Vendredi, le somptueux cercueil du chorégraphe était entouré de gerbes de fleurs devant la scène du théâtre, tandis que son immense portrait en noir et blanc surplombait la salle et que résonnait la musique de ses ballets.

A l'issue de la cérémonie, suivie par plusieurs centaines de personnes, son cercueil a quitté le théâtre, ovationné pendant plusieurs minutes par ses admirateurs réunis devant le Bolchoï.

Après une crémation, les cendres du chorégraphe doivent être inhumées mardi au cimetière Novodevitchié de Moscou, près de son épouse Natalia Besmertnova, une ancienne danseuse étoile du Bolchoï décédée en 2008.

- "Une magie" -

"Merci Iouri Nikolaïevitch pour avoir créé tant de rôles que nous avons interprétés pendant beaucoup d'années avec un tel bonheur, un tel plaisir", a déclaré, lors de la cérémonie d'adieu, Nikolaï Tsiskaridzé, ancien danseur étoile du Bolchoï et recteur de l'Académie de ballet Vaganova de Saint-Pétersbourg.

"Merci pour la chaleur et la sagesse dont vous avez fait preuve envers nous pendant tout ce temps-là", a-t-il ajouté.

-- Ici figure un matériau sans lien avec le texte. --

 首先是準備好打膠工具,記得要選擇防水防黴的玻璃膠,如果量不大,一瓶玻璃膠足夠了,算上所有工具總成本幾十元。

"C'était un grand homme, un génie, une légende", a salué pour sa part Ilia Krivov, ancien danseur de ballet, 42 ans, expliquant avoir connu personnellement le chorégraphe "qui a élevé le ballet masculin soviétique (...) à un niveau inédit".

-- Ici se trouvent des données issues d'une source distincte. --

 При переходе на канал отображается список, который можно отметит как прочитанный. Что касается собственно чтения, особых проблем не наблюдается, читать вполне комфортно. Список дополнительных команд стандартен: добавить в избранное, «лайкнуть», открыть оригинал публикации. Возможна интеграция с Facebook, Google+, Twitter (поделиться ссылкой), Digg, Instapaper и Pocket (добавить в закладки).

Né en 1927 à Léningrad, l'actuelle Saint-Pétersbourg, Iouri Grigorovitch était le neveu de Georges Rosay, grand danseur du théâtre Mariinski dans l'ancienne capitale impériale russe et des Saisons russes de Serge Diaghilev.

Il a accédé à la célébrité en 1957 grâce à sa mise en scène novatrice du ballet "La Fleur de pierre", basée sur une série de contes populaires dans l'Oural. 

Directeur des ballets au Bolchoï pendant trois décennies, Iouri Grigorovicth a fait connaître au grand public des danseurs comme le fameux couple formé par Ekaterina Maximova et Vladimir Vassiliev. 

Au fil de sa carrière, il a mis en scène plusieurs classiques du ballet russe, comme "Casse-Noisette" de Tchaïkovski, "Spartacus" de Khatchatourian, "Ivan le Terrible" sur la musique de Prokofiev, ou encore "L'Âge d'or" composé par Chostakovitch.

"Grigorovitch, c'était l'âme du Bolchoï", a dit à l'AFP Svetlana Staris, journaliste et poète, saluant un "homme qui a révolutionné le ballet".

"Les hommes comme lui, on les apprécie pendant leur vie et on leur rend hommage après leur mort", a estimé pour sa part Viktor Filtchakov, 64 ans, venu dire adieu au "grand maître".

Dans ses mises en scène, il y a "une compréhension si profonde de chaque petit mouvement" que "tout devient un miracle, une magie... La magie qu'on ressent chaque fois quand on voit ses ballets", a renchéri Anastassia Egorova, étudiante de 21 ans.